The filename for a "string" input is undefined. Use
'set_filename()' to define this parameter.
=cut
=head2 count_words
Counts the number of words contained within the text of the document. In order to use properly first instantiate a Document object with a file or a string, then call this method on it.
=cut
=head2 print
print
Prints the contents of Document to standard output
=cut
=head2 save
save(file => 'out.txt', type => 'text')
Saves the contents of Document to a file.
=cut
=head2 strip_html
strip_html
Removes all tags from html of Document.

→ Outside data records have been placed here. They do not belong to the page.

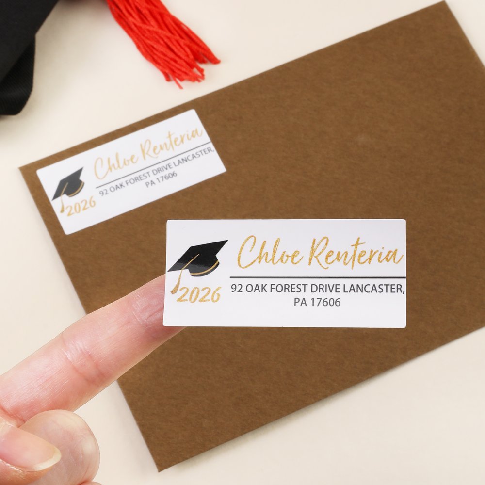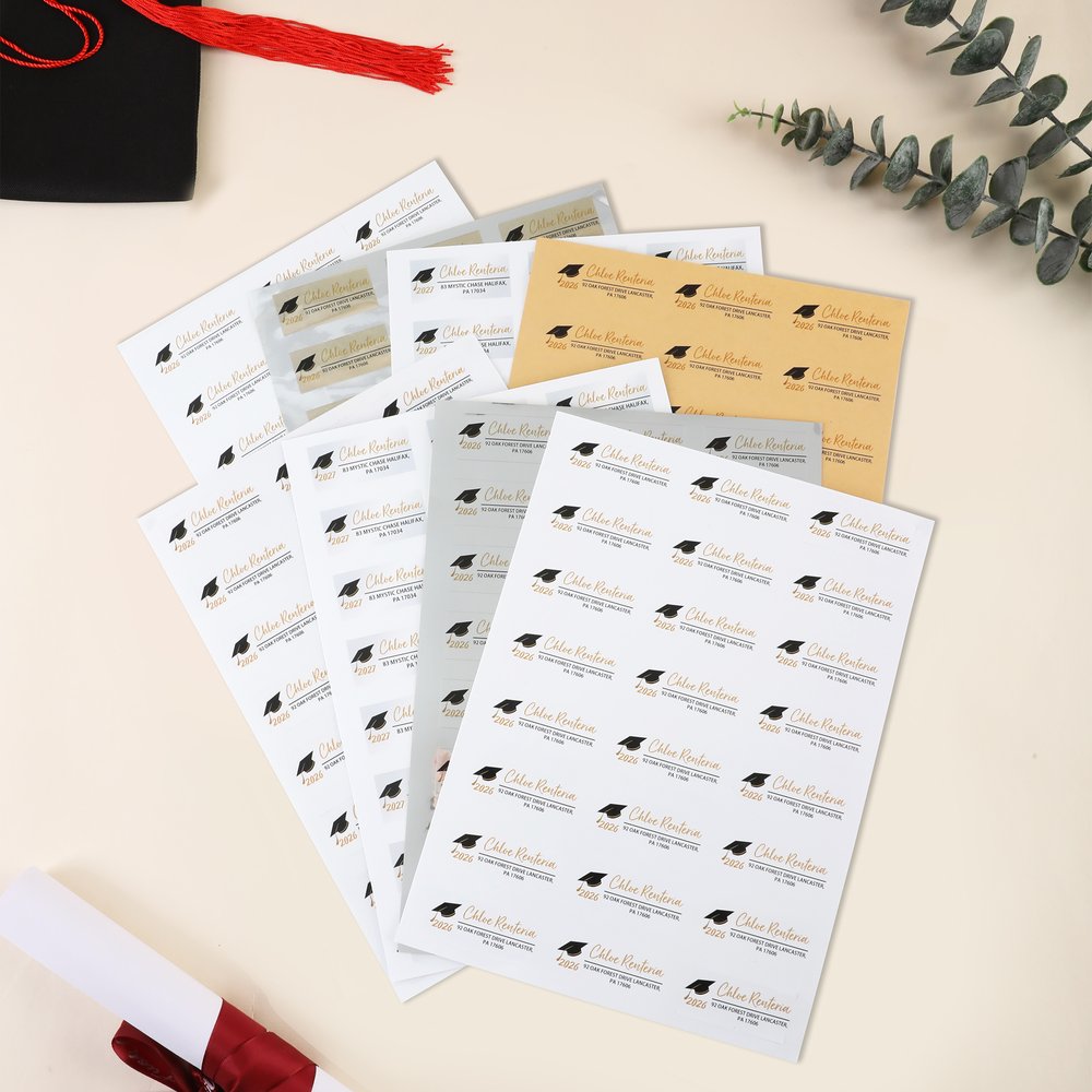 Ideal für Rücksendeadressen auf Einladungen zum Schulabschluss, Danksagungskarten, Fotosendungen, Geschenkverpackungen und Korrespondenz mit Ehemaligen. Ganzbogen-Layouts ermöglichen ein schnelles Ablösen von Großmengen für Klassen- oder Schulbestellungen, während sich kleinere Mengen für die individuelle Gestaltung eignen. Sie eignen sich auch gut für Sammelalben, Erinnerungsboxen und Geschenke für Abschlussfeiern - sie vereinfachen den Versand und werten die Präsentation auf.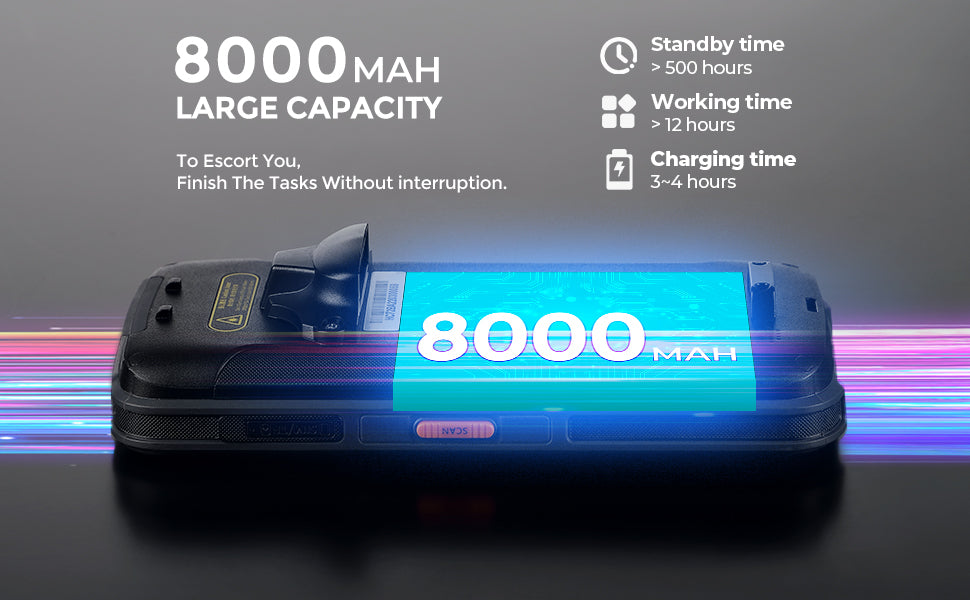 ✅[Larger Capacity Endurance] 8000mAh rechargeable Li-ion battery, the high capacity battery delivers up to an impressive 12 hours of power - enough for the longest shift. You no longer have to worry about being interrupted by power cuts. Just charge it for 3 hours and get 12 hours of work and 500 hours of standby time. The camera and the scan engine cannot be running at the same time. Please use the original charger, as using other chargers might cause charging issues.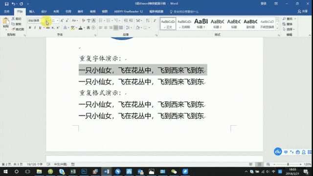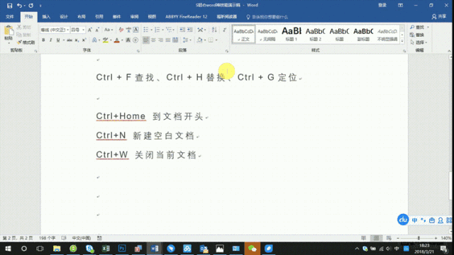 Word软件大家都熟悉,熟练掌握一些操作技巧对于职场人员来说绝对有用,下面是小伙伴整理的一些Word神技能,走过路过不要错过,分分钟提高你的工作效率。 重复输入快捷键F4 编辑Wrod文档时,F4快捷键可以帮助我们“重复上一步操作”,对重复性的编辑、排版、20. 机器人是怎么发明出来的?手机为什么可以看这么多视频,人家是怎么放上去的?人们是怎么想出来飞机的?又是怎么造出来的?为什么他们那么聪明,能发明这么多好东西?我长大了也要发明好多东西,当一个发明家。插入等工作有奇效! 比如:重复输入内容 直接按住F4一下,就会直接重复上一步输入的内容,比如打出“S姐是小仙女”,然后按F4,就会重复输入,  一直按F4会一直重复输入,需要注意的是,它只会重复上一步的操作,如果是打字输入的话,只会重复你一次性打完的几个字。 比如:重复插入表格、图片、文件 我们添加完表格后,觉得不够,直接按F4,就能快速添加表格,  插入图片后,按F4,会重复弹出插图的选项,  插入形状后,按 F4,会重复插入形状,  比如:重复排版参数 把一段文字的加粗或标亮颜色,如果第二段也需要,我就会选中文字,按F4快捷键,刚才的排版设置就会复制到这一段,  掌握F4快捷键的这几个小功能,在我们需要做重复工作的时候能节省超多时间哒。 Ctrl的超神操作 在Word文档中,Ctrl 有最风骚的走位,最多的CP组合,最超神的操作, 最常用: Ctrl+C复制、Ctrl+V粘贴、Ctrl+X剪切 Ctrl+S保存、Ctrl+Z撤消、Ctrl+A全选 进阶玩法: Ctrl+B加粗、Ctrl+I斜体、Ctrl+U下划线  Ctrl+L左对齐、Ctrl+R右对齐、Ctrl+E 居中  Ctrl+F查找、Ctrl+H替换、Ctrl+G定位  大神玩法: Ctrl+Home 到文档开头 Ctrl+N 新建空白文档 Ctrl+W 关闭当前文档  被忽略的格式刷 正常大家用格式刷的时候,都是复制一段文字,点格式刷,然后再去选中需要同化的那一段,但如果是想批量修改好几段格式,这样操作就太浪费时间。 正确操作: 双击格式刷,就可以获取重复使用技能,哪里要改刷哪里,排版从此更容易!  掌握以上操作技巧,可以帮助我们更好使用Word软件,欢迎大家补充分享。 用Word办公有这些神操作,可别忽略了!呆若木宁为鸡首,无鸦雀无声为牛后鸡16. 爱情没了,生活一样在继续。爱是种责任,如果你真的爱,请不要轻易说放弃,那不止会伤害别人,同样也会伤害你自己。对未来的承诺,如果你没有把握实现它,那么,请你也不要给我任何承诺,因为,我会当真。conduct activities 开展活动;a variety / varieties of 各式各样的330.沾衣欲湿杏花雨,吹面不寒杨柳风。释志南《绝句》 木兰花 晏几道293杜牧:遣怀Word,快捷键It is the belief in a brighter future that gives us optimism. |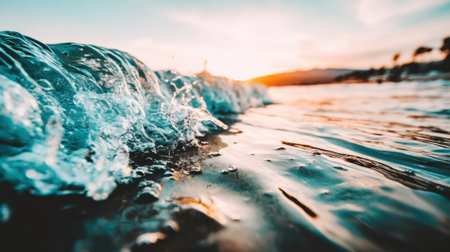 A low angle view of a turquoise sea wave breaking on a sandy beach. The setting sun in the background creates a warm, serene and tranquil atmosphere.

Resulting string is saved as the text of Document,
then returned.
=cut
=head2 get_sent
get_sent
Depricated. Use get_sentences instead. Returns sentences of the document
=cut
=head2 get_sentences
Returns the sentences of the document.
=cut
=head2 get_id
get_id
Returns the id of Document
=cut
=head2 get_class
$class = $docref->get_class()
Returns the class label of Document (for use in text classification).
=cut
=head2 get_parent_document
get_parent_document
Returns the parent document of the document.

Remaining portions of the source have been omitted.